Comics Review: Batman Incorporated #8

This cover is a spoiler.

Grant Morrison’s Batman run is finally going to be concluded in the next four issues after this. With it comes the end of one of the characters that came up during his run: Damian Wayne.

I’d feel the need to cover up that major spoiler if it wasn’t on the cover itself. The death itself is glorious; Damian goes out in a blaze of glory, addresses his previous partners against crime, and isn’t broken by a mere knee to the spine. Grant Morrison gave a great ending to one of the favorite Robins.

Chris Burnham’s art was also exceptional this issue. In previous issues, his drawings always looked slightly off as if he was meeting Morrison halfway with a Frank Quitely style that was also Chris’ own. In this iteration, Burnham perfected his own art a bit more.

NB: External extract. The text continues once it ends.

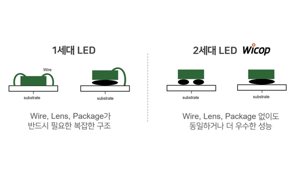 세계 최초의 노와이어 구조를 적용한 와이캅은 휴대폰, TV, 조명, 자동차 헤드램프 등 다양한 분야에서 성능을 입증해 왔으며 가혹한 자동차 환경에서도 밝기와 내구성을 인정받아 자동차 디스플레이 시장에도 본격 공급을 시작했다.
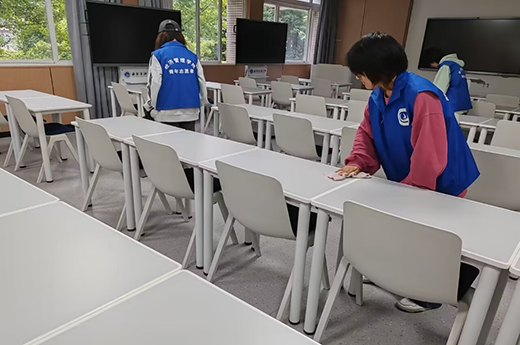 活动开始前,负责人陈亮慧向在场志愿者介绍了清扫博学楼的相关事宜,明确提出了活动要求与注意事项,并依次为志愿者发放志愿服。随后,志愿者们拿起扫帚、抹布等劳动工具投入到工作之中。活动进程中,志愿者们配合默契、分工合理,整个过程秩序井然。历时一个半小时,博学楼教室焕然一新。当被问及此次活动的感受,电子商务2023级邹可欣表示:“此次清扫活动为我们上课创造出了更加洁净的环境。同时,也让我们体会到了为大家服务的幸福感,并且更加深刻地理解了劳动的内涵以及意义。”

The strangest part about this is that while Death of the Family, the major event that spanned several Batman titles, changed absolutely nothing, Batman Incorporated changed everything else. At this point I was unsure whether or not Batman Incorporated was even considered canon as far as the other titles were concerned; Morrison did after all manage to keep Stephanie Brown, the third Batgirl/fourth Robin/fun character that is hated by DC higher ups, in a post-New52 graphic novel release. The argument is that it would’ve taken too much time to redo (which is accurate). But Batman Incorporated has been completely separate from the Court of Owls and Death Of The Family which have infected Batwoman, Batgirl, Batman and Robin, and even Batwing and Red Hood and the Outlaws (both titles have no business with Gotham-centric dealings, especially Batwing). One title has changed everything for all of the other Bat-books. It’s clear who DC favors for controlling editorial.

While this entire story does sound like the grimmest of dark comics, it’s not. Morrison’s run has been a mix-up of the twisted horrors that modern Batman readers eat up while still having elements of the Adam West Batman. Think of a more adult-oriented Batman: Brave and the Bold with a long over-arching story line. While Damian is fighting a freakish clone of himself, Batman is stuck in a safe, tied by locks, and underwater. The complaints of the run have been that Batman is too much of a Bat-God, but it’s more of a way to justify all the versions of Bruce Wayne being canon. It also makes a great read for those who enjoy fun.

This isn’t the best jumping in point, but if you’re a fan of Damian: pick this one issue up. It’s a much better death than that of Jason Todd. Plus, he’ll probably be back either in a few issues or in Morrison’s next work Multiversity. If you’d rather start from the beginning for this story, you’ll have about $100+ worth of graphic novels to buy but it’ll be worth it. In the end, this issue is a great test to see if you’d like Morrison’s Batman.